Art of the Roman Provinces
According to the Metropolitan Museum of Art: “At its greatest extent, the empire ruled by Rome reached around the Mediterranean Sea and stretched from northern England to Nubia, from the Atlantic to Mesopotamia. Roman rule united this vast and varied territory, and Roman administration integrated it economically and socially. A traveler making a tour of the several provinces around 212 A.D. (when citizenship was extended to all free-born males) would have found many similarities among the places that he or she visited: Roman coins circulated everywhere, and in every province there were cities adorned with statues of the emperor and buildings such as baths, basilicas, and amphitheaters that embodied Roman cultural and architectural norms.
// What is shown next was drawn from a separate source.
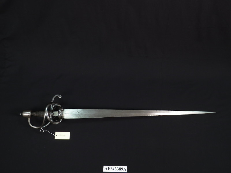 Клинок ромбовидного сечения, равномерно сходящийся к острию. Перекрестье довольно развитое, с дополнительными прутьями вокруг кисти.
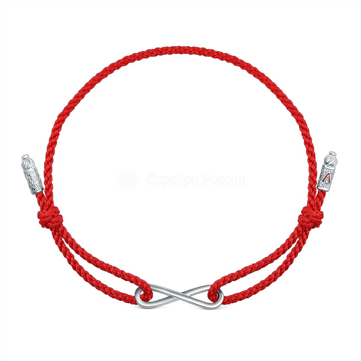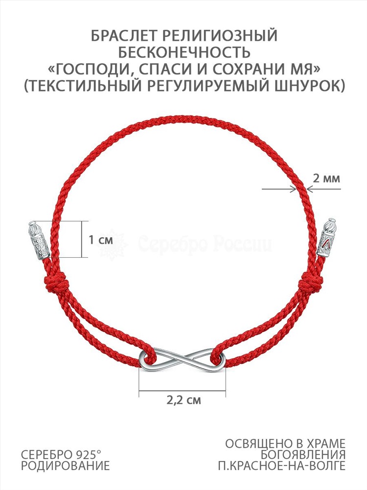 Браслет красный текстильный из родированного серебра - Бесконечность/ Господи, спаси и сохрани мя Бр-2021р

Each region nevertheless had its own history, its own local culture, and its own relationship with Rome. Art demonstrates both the scope and the limits of Roman influence, for the circulation of materials, methods, objects, and art forms created a certain cultural unity, and yet in each place, the persistence of local customs ensured the survival of cultural diversity. [Source: Jean Sorabella, Independent Scholar, Metropolitan Museum of Art, May 2010, metmuseum.org \^/]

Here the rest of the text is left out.